Geçtiğimiz hafta Rusya'nın doğusunda meydana gelen 8.8 büyüklüğündeki deprem sonrası oluşan tsunami riski, dünya genelinde olduğu gibi Türkiye'de de kıyı kentleri için alarm zillerini çaldı. Peki, Balıkesir’in Edremit Körfezi'nde benzer bir tsunami tehlikesi yaşanabilir mi? Bilimsel veriler ve tarihsel kayıtlar, bu konuda dikkat çeken bulgular sunuyor.
Edremit Körfezi Sismik Açıdan Riskli Bir Bölgede Yer Alıyor
Balıkesir, hem Marmara hem de Ege Denizi’ne kıyısı bulunan nadir şehirlerden biri olarak, aktif fay hatlarının yoğunlaştığı bir bölgede konumlanıyor. Edremit Körfezi, Ayvalık’tan Altınoluk’a kadar uzanan kıyı şeridiyle, Kuzey Anadolu Fayı ve Ege Bölgesi’ndeki ikincil fay sistemlerinin kesişim noktasında bulunuyor. Bu jeolojik yapı, bölgeyi deprem açısından yüksek riskli hale getiriyor.
Tsunami Oluşumu İçin Hangi Koşullar Gerekli?
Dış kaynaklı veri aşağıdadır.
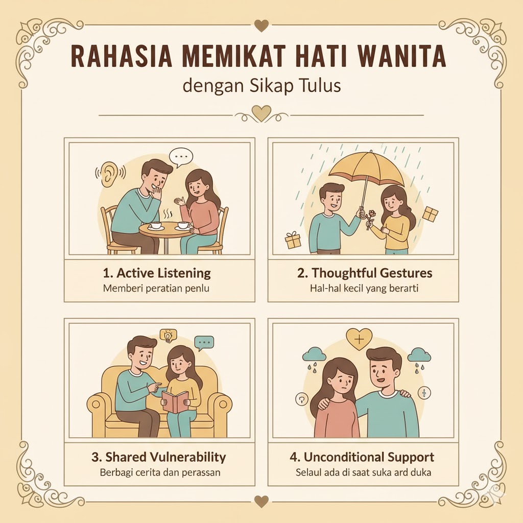 Banyak pria berpikir bahwa memikat hati wanita membutuhkan gaya, harta, atau kata-kata manis. Padahal, salah satu cara yang paling efektif adalah melalui ketulusan. Wanita lebih mudah tersentuh ketika seseorang menunjukkan perhatian yang jujur tanpa dibuat-buat. Artikel ini membahas rahasia memikat hati wanita dengan sikap tulus yang mudah diterapkan dalam kehidupan sehari-hari.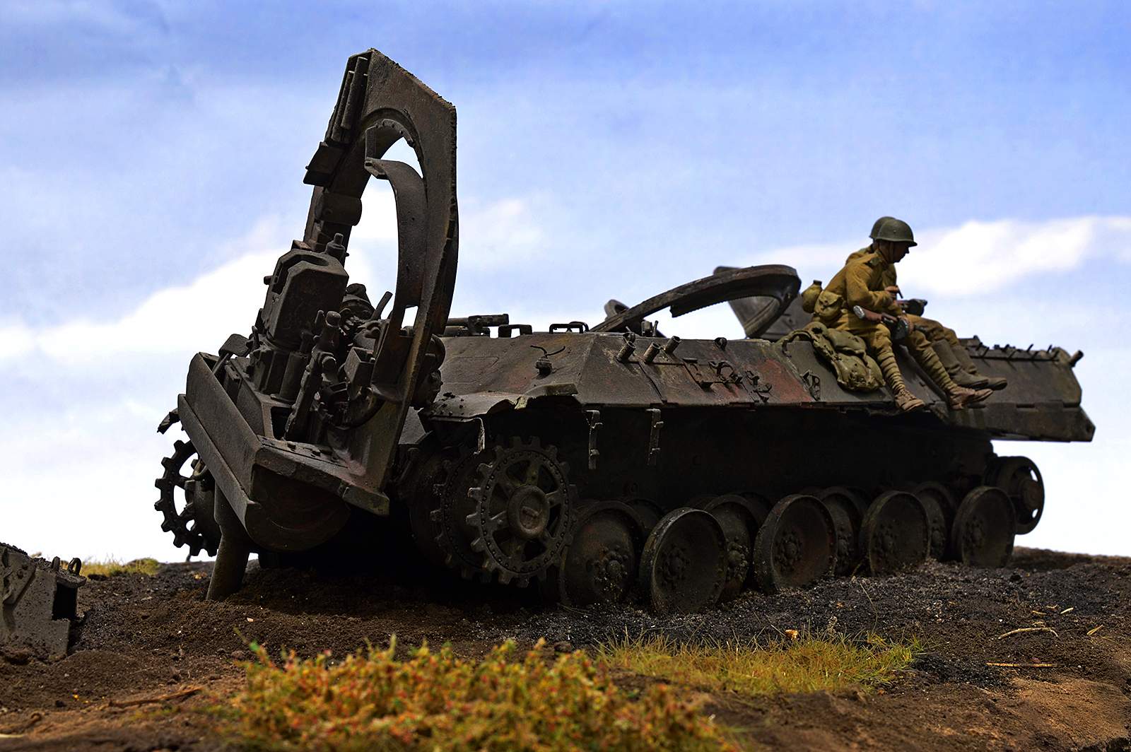 Продолжаю тему Курской дуги. Небольшая композиция, сделанная по хронофото. Вся композиция в целом это частичная импровизация, т.к. до конца не понятно, что на самом деле было с башней. Её на фотографии из хроники не видно совсем. Так что башня полностью моя фантазия. Можно было бы обойтись без неё, но так, как по мне, интереснее.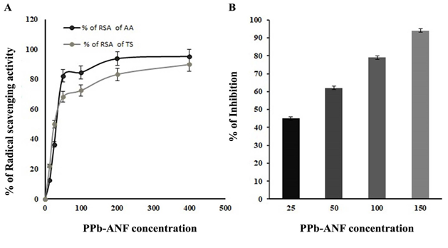 Fig. 3: Antioxidant activity of PPb-ANF: (A) represents the DPPH scavenging activity percentage of PPb-ANF, exhibiting significant radical scavenging activity upon the increasing concentration of PPb-ANF. (Test Sample-TS) and was compared with standard ascorbic acid (AA). (B) PPb-ANF exhibited good inhibitory lipid peroxidation activity with increasing concentration of PPb-ANF and it was mentioned in percentage. Results are the means of three determinations, each conducted in triplicates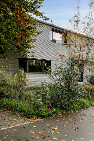 Auf der Basis eines Gestaltungsplans von Einfamilien- und Doppeleinfamilienhäuser entstand das formal reduzierte, grosszügige Einfamilienhaus. Der präzise und klar geschnittene zweigeschossige Gebäudekörper mit der südseitigen Veranda- und Balkonschicht ist vollständig mit einer horizontalen offenen Holzschalung eingekleidet. Darin integriert sind verschiebbare Flächen, welche die Verandaseiten und Fenster nach Bedarf vor Einblicken oder Licht schützen und so das Gebäude je nach deren Position ganz unterschiedlich erscheinen lässt.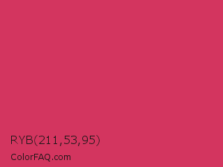 RYB 211,53,95 Color is a normal rose color and the nearest color is Cerise Red #de3163. Hex code #d3355f and RGB value is rgb(211,53,95). In RGB color space, this color is composed of 83% red, 21% green, 37% blue, In CMYK color space, this color is composed of 0% cyan, 75% magenta, 55% yellow , 17% black , In HSL color space, this color has a hue angle of 344° , 64% saturation and 52% lightness.

Uzmanlara göre bir depremin tsunami yaratabilmesi için birkaç temel şartın oluşması gerekiyor:
Depremin deniz tabanında gerçekleşmesi
Büyüklüğünün en az 6.5 olması
Fay hattının dikey yer değiştirme hareketi göstermesi
Marmara Denizi’nde doğrultu atımlı hareket baskın olduğundan tsunami riski sınırlı kalırken, Edremit Körfezi’ndeki normal ve oblik faylar bu anlamda daha tehlikeli sayılıyor.
1944 Edremit–Ayvacık Depremi: Küçük Çaplı Tsunami Belirtisi
Hasan Sezgin Üstün’ün “Assessment of Tsunami Events in Eastern Aegean Sea” adlı yüksek lisans tezinde yer alan veriler, 6 Ekim 1944’te meydana gelen Edremit–Ayvacık depremine odaklanıyor. Bu depremde 73 kişi hayatını kaybetmiş, kıyı bölgelerde yer yer su fışkırmaları ve çatlaklar gözlemlenmişti.
Ayvalık kıyılarında denizin aniden yükseldiğine dair tarihi kayıtlara da yer verilen çalışmada, yapılan modelleme sonuçlarına göre kuzey kıyılarda 50 ila 70 santimetre arasında su seviyesi yükselmesi yaşandığı görülüyor. Bazı senaryolarda bu değer 1 metreye kadar çıkabiliyor.
Risk Altındaki Bölgeler: Altınoluk, Akçay ve Ayvalık
Modelleme ve gözlem sonuçları, Edremit Körfezi çevresindeki alçak kotlu yerleşimlerin daha yüksek risk taşıdığını gösteriyor. Özellikle Altınoluk, Akçay, Burhaniye ve Ayvalık kıyılarında, orta büyüklükte (Ms 6.8–7.2) bir deprem sonrası küçük çaplı su taşkınlarının meydana gelme olasılığı bulunuyor. Bu taşkınlar, büyük bir tsunami oluşturmasa da kıyıdaki alanlar için tehlike oluşturabilir.
Bilim İnsanları Uyarıyor: “Hazırlıklı Olmak Şart”
1944 depremi gibi örnekler, Edremit Körfezi’ndeki fay segmentlerinin deniz tabanında ani ve dikey yer değiştirmelerle su kütlelerini kıyıya yönlendirme potansiyeli taşıdığını gösteriyor. Uzmanlar, bu tür küçük çaplı tsunami benzeri olayların tamamen dışlanmaması gerektiğini vurguluyor.
Türkiye’de Tsunami İzleme Sistemi Kurulu, Ancak Yerel Planlama Şart
Türkiye genelinde AFAD, Kandilli Rasathanesi ve Boğaziçi Üniversitesi iş birliğiyle kıyı şeritlerinde tsunami izleme ve erken uyarı sistemleri kurulmuş durumda. Ancak uzmanlara göre bu sistemlerin yanı sıra, yerel belediyelerin kıyı tahliye planları oluşturması, kamu farkındalığını artırması ve halkın eğitilmesi büyük önem taşıyor.